BrowserTool is a high-performance, cloud-native headless browser sandbox service built with the Go language. It lets you remotely control a headless browser instance that runs in an isolated cloud container using the standard Chrome DevTools Protocol (CDP) over WebSocket. The service is natively compatible with popular automation frameworks such as Puppeteer and Playwright.
Primary use cases
-
AI agent integration: It acts as the "eyes" and "hands" for large language models (LLMs), giving them the ability to perform complex tasks such as web browsing, information extraction, and online operations.
-
Automated testing: You can run end-to-end (E2E) and visual regression tests on demand in the cloud without needing to maintain a local testing environment.
-
Data collection: You can scrape web pages with stability and efficiency, and easily handle dynamic content and anti-scraping challenges.
-
Content generation: You can automatically generate PDFs or screenshots from dynamic web pages or data dashboards for reports and archives.
Core value
-
Fully managed: You do not need to install, configure, or maintain Chrome browsers and their complex dependencies on your servers or local machines.
-
Serverless architecture: The service uses a pay-as-you-go billing model.

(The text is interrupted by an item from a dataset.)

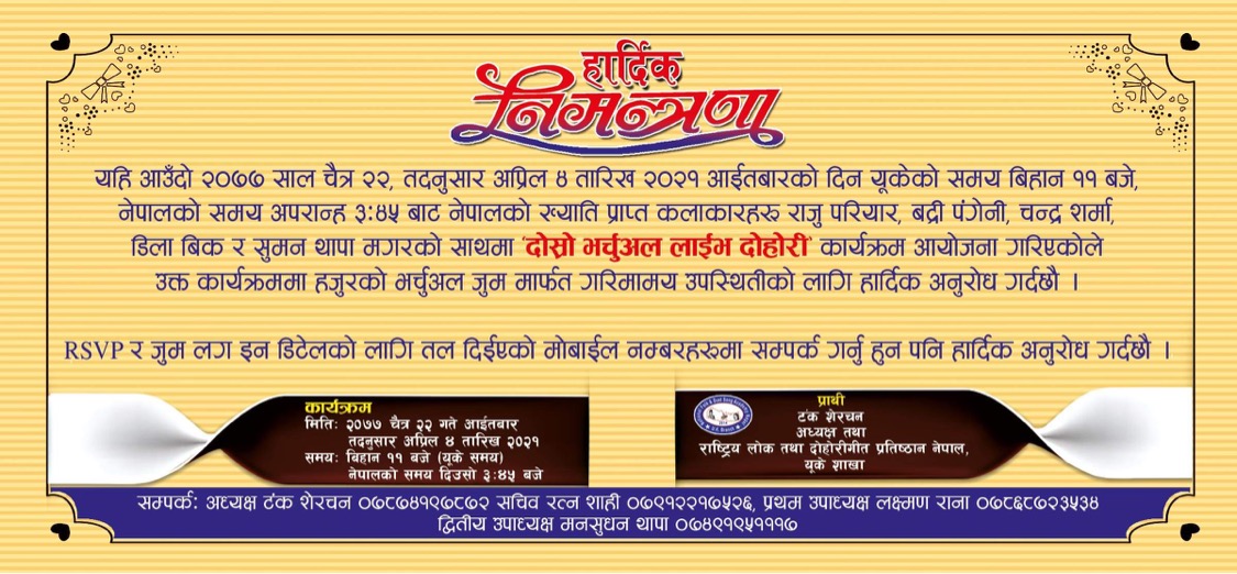लण्डन । राष्ट्रिय लोक तथा दोहोरी गीत प्रतिष्ठान नेपाल युके शाखाले दोस्रो भर्चुअल लाईभ दोहोरी गर्नेभएको छ ।

Its excellent elastic scaling capabilities help you control costs.
-
Native compatibility: You can smoothly migrate your existing Puppeteer or Playwright scripts, usually without any modifications.
Quick start
This guide walks you through the entire process, from creating a service to running your first automation script.

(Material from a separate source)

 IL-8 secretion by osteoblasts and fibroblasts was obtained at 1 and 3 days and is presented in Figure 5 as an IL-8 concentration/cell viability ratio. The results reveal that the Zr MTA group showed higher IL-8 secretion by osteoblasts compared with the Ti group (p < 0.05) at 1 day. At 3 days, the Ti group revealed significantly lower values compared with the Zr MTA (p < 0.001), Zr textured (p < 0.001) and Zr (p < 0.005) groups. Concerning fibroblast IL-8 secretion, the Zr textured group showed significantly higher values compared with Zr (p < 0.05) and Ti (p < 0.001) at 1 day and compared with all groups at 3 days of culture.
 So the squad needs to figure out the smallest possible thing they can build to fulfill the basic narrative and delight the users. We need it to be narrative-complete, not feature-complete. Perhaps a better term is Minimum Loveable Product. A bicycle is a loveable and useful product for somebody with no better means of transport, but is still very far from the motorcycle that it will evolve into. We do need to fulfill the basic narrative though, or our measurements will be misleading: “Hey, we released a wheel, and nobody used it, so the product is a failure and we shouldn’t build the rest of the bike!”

Step 1: Create a BrowserTool service
-
Log on to the AgentRun console.
-
The first time you use the service, you are prompted to grant the AgentRun service-linked role (
AliyunServiceRoleForAgentRun) to your Alibaba Cloud account. Follow the on-screen instructions to complete the authorization. This step is required for the service to function correctly. -
On the Runtimes and Sandboxes tab, select Sandbox. Click Create Sandbox Template, select Browser Sandbox, and then click Create Now to create the BrowserTool service.

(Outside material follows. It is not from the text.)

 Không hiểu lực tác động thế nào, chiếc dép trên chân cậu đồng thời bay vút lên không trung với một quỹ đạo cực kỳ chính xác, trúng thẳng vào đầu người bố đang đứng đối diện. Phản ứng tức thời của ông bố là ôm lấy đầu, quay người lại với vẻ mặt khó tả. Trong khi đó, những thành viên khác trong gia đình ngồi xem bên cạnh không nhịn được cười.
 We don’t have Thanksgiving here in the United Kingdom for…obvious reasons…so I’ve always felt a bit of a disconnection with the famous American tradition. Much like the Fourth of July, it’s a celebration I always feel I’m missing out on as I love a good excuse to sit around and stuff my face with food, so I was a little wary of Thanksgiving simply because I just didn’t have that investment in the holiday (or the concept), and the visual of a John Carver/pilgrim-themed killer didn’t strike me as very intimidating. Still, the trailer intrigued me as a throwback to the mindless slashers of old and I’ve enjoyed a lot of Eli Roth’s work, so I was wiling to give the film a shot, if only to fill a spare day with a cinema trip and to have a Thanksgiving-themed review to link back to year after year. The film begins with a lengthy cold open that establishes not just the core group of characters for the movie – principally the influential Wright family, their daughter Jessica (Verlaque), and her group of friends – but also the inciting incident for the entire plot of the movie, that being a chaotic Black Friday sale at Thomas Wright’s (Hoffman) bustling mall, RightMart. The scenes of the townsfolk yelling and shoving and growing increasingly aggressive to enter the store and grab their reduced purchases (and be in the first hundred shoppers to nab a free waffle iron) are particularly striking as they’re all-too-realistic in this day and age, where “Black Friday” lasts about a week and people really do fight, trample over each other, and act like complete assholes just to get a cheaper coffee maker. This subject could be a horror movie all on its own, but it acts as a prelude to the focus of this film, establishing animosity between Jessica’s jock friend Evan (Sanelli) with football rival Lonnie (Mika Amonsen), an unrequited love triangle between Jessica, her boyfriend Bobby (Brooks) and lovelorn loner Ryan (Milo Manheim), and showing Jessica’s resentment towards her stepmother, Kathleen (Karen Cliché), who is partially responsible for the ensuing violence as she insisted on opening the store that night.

You can also create the service using OpenAPI or an SDK.
-
OpenAPI documentation: CreateBrowser API
-
SDKs for multiple languages: AgentRun SDK Center
Step 2: Get the connection endpoint
-
After the service is created, find the BrowserTool service in the service list on the console. Click the service to open the Details page.
-
On the VNC Debugging tab on the details page, click Create Sandbox.
-
After the sandbox is created, a WebSocket endpoint (CDP Endpoint) for automated connections is provided. You can copy it directly from the console. The endpoint format is similar to the following:
wss://1234567890.agentrun-data.ap-southeast-1.aliyuncs.com/sandboxes/br-abcdef123456/ws/automation?tenantId=1234567890
Step 3: Connect and run an automation script
Use the full connection endpoint URL from the previous step in your automation framework script to connect to BrowserTool and run your task.
Puppeteer connection example
const puppeteer = require('puppeteer-core');
// Obtain this endpoint from the BrowserTool service details page.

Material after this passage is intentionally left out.